Once machines take stages 1 and 2 and an AI reviewer takes stage 1.5, what is left for the human? A job that has shrunk but has not disappeared, and has in fact become more important.

8.1 Judgment

"This code is correct." That sentence means two things. (1) The code behaves per the spec — this, machines verify. (2) The spec itself is right — this, only a human can do.

An agent does what the ticket told it to. If the ticket is wrong, it implements the wrong thing perfectly. "Is this ticket even the right problem to solve" — machines do not ask that.

8.2 Architecture

Even when individual functions are correct, the system structure can be wrong. Whether this abstraction will hold up six months from now, whether this boundary is drawn in the right place, whether this dependency direction is healthy — these are questions pattern matching cannot answer. It is the work of imagining the future of the whole codebase, and that is a human's work.

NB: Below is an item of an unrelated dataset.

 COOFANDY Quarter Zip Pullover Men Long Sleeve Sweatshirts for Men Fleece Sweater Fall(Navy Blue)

8.3 "Does This Make Sense"

The most irreducible job is the simplest question: does this make sense.

The agent brought back perfectly functioning, type-correct, test-passing code — and the feature should perhaps never have been built in the first place. There may have been a simpler solution, or the problem should have been defined differently. Machines verify the "how" but the "why" and the "really?" are the human's.

8.4 Accountability

Finally, the person who presses the merge button is the owner of that code. "An AI wrote it" is not an excuse in front of a production outage. The essence of the verification discipline is here — whatever the tool generated, the decision to let it into the codebase is the human's, and that decision carries accountability.

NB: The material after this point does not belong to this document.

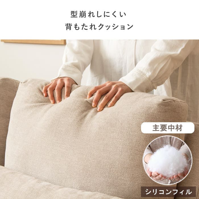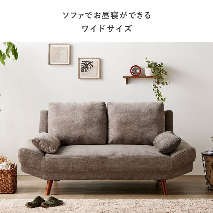 ひろびろワイド座面で極上のくつろぎ ソファでごろんとお昼寝ができるワイドサイズソファ。 肘の部分が傾斜した特徴的なデザインは、横になった時に頭をあずけやすくするためで、 ソファベッドのようにお使いいただけます。 枕にしたり肘置きにも使えるロングクッション2個付きです。

The human's job did not shrink — it concentrated. The typing is gone; only the judgment remains.


Epilogue — Verification Is the New Core Competency

In an era when the cost of producing code approaches zero, the competitive edge is not "how fast you generate" but "how reliably you verify." Generation became a commodity; verification became scarce.

The one-line conclusion of this article: AI code review is not a social act but a verification discipline. Set suspicion as the default, leave what machines can catch to machines, and concentrate human attention on what machines cannot see in principle — judgment, architecture, "does this make sense."

AI Code Review Checklist

  1. Types first — a PR that does not pass typecheck and build is not worth a human's eyes
  2. Verify the tests — deliberately break the tests the AI wrote to confirm whether they are fake
  3. Cross-check the ticket — see whether the diff satisfies the acceptance criteria line by line
  4. Scope creep — see whether "while I'm at it" changes are mixed in
  5. Check boundaries — ask "what if this fails?" of every external call
  6. Trace security — finger on the screen, trace data flow along the trust boundary
  7. Filter slop — ask "what breaks if I delete this line"
  8. Generator != verifier — separate the AI reviewer from the agent that generated the code
  9. Diff size — split large PRs. Reviewability is inversely proportional to size
  10. Final judgment is the human's — the person who presses merge is the owner

Anti-Patterns to Avoid

  • Trusting the surface — switching off suspicion because the code looks smooth
  • Skipping types — having a human read a PR with type errors first
  • Blind faith in tests — mistaking "tests pass" for "verified"
  • Self-grading — having the generating agent review its own code
  • AI leniency — passing AI code more loosely than human code
  • Accepting giant diffs — approving an 800-line PR without reading it to the end
  • Dodging accountability — using "an AI wrote it" as an excuse for an outage

Next-Post Teaser

The next article is "A Testing Strategy for the AI Era — How to Make Agent-Written Tests Trustworthy." This article said "the tests the AI wrote are themselves subject to verification" — so then, how should trustworthy tests be designed? It covers how to pin down the spec first, how to verify tests with mutation testing, and when to leave tests to an agent and when not to.

In a world where generation became free, the most expensive skill is the verifying eye that knows how to say "no." That eye is engineering itself.